Bu kez tehlike pilotları çember içine almış durumda.
Pilot lisanslarımız 8 Nisan 2013 itibari ile hükümsüz kalacak. Türkiye'nin JAA üyesi olması nedeniyle pilot lisanslarına JAR-FCL (Joint Aviation Requirements Flight Crew License) yazılıyordu.
Bildiğimiz gibi JAA organizasyonu yerini EASA'ya bıraktı. EASA bazı Avrupa birliği üyesi olmayan ülkeleri üye yapmasına rağmen JAA üyesi ülkemiz bu oluşumun dışında bırakılmıştır.
Aslına bakarsanız kendi iç çekişmelerimizden arınıp, gelecekteki tehlikeyi görememişiz. Ateş bacayı sardıktan sonra söndürmek için itfaiye arıyoruz.
Sivil Havacılık Genel Müdürü Bilal Ekşi bu konuya yeni vakıf olmalı ki geçen hafta havayolu şirketlerinin yetkilileri ile bir toplantı yaptı. Toplantıda karar alınamadı. Bilal Ekşi'nin "Pilot lisanslarında hangi organizasyonun ismi olacak" sorusuna karşılık "5 sene geçiş süreci var. Bu süre içinde çare arayacağız" sözleri sektörün tepkisini çekmiş durumda.
Ben şahsen Bilal Ekşi'ye hiç mi hiç kızmıyorum. Tamamen bu işlerle ilgili olan alt kadrolara kızıyorum. Sonuç olarak Bilal Ekşi her şeyi bilmek zorunda değil. Yardımcılar, daire başkanları, şube müdürleri, uzmanlar ne iş yaparlar açıkçası sormak lazım.
Vakti zamanında kadrolar için Bilal Ekşi'yi bizzat kendim uyarmıştım. Ama sanırım söylediklerimiz zorluklarla karşılaşıldıkça daha iyi anlaşılıyor.
Meselenin özüne dönersek pilot lisansları bundan sonra EASA mı olacak yoksa ICAO mu olacak? Görüştüğüm bazı havayolu şirketlerinin yöneticileri EASA kurallarının çok detaylı olduğunu operatörün inisiyatifine bırakılmadığını ICAO ve FAA kurallarında sadece başlıklar olduğu detayların kullanıcıya bırakıldığı ifade edildi.

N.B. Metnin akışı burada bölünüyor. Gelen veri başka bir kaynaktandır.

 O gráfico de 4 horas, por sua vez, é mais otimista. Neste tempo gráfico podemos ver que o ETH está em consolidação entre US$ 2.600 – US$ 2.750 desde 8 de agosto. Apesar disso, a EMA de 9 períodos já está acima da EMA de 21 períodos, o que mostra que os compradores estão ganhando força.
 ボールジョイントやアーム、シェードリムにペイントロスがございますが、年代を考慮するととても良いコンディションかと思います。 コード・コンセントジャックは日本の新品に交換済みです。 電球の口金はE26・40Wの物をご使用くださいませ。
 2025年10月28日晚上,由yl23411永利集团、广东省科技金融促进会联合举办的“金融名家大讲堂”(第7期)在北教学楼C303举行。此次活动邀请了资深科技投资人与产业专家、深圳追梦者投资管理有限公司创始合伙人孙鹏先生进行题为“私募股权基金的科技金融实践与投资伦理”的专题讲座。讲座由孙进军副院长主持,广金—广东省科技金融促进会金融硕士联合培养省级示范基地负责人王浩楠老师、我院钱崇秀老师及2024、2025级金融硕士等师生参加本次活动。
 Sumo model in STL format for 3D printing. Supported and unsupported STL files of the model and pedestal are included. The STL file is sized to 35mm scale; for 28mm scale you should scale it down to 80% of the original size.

Bizim için EASA olmazsa olmaz değildir. ICAO kurallarına göre de pilotları lisanslandırabiliriz. Burada kritik nokta şudur. JAA ile kazandığımız hak JAA yerine gelen EASA ile birlikte kaybedilmiştir. Kazanılmış hakkın kaybedildiği de Türkiye'ye mahsus bir durumdur.
EASA nezdinde siyasi bir iradeye ihtiyacımız var. Net olarak rest çekmek için elimizde çok güçlü olanaklar var. Geç kalınmış değil. Çin, karbon emisyonu konusunda direten Avrupa Birliği'ne rest çekmiş "Karbon emisyonu uygulamaya konulursa bir tane Airbus almam" demişti. Çin'in bu kararlı iradesi karşısında karbon emisyonu ile ilgili uygulama belirsiz bir tarihe ertelendi.
Elimizdeki güç şudur. Türk Hava Yolları ile Pegasus Havayolları çıkıp net açıklama yapmalılar. "Bütün Airbus siparişlerini iptal ediyoruz" şeklinde yapılacak olan bir açıklama EASA'da kısa sürede sonuç verecektir.
25 Mart 2013 tarihinde de "Lobi Zamanı" başlıklı yazımda buna işaret etmiştim. Avrupa'nın EASA marifetiyle bizi havacılık konusunda dışlamasına izin vermemek gerekir. Elimizdeki gücün farkına varalım yeter.
Ulaştırma Bakanı Binali Yıldırım'a konu net bir şekilde aktarılmalı. Bu konuların Bakan Yıldırım'a net bir şekilde aktarıldığını düşünmüyorum.
EASA'nın teknisyen lisansları ve EASA ülkeleri hariç bakım yapılmaması baskılarının da bakana aktarılması halinde Bakan Yıldırım'ın tüm sektörü yanına alıp bir basın toplantısı ile EASA'ya Airbus üzerinden rest çekebileceğini düşünüyorum.
Avrupa'nın her şeyi pazarlık yaptığı bir çağda, elimizdeki kıymetleri neden kıymetlendirmiyoruz?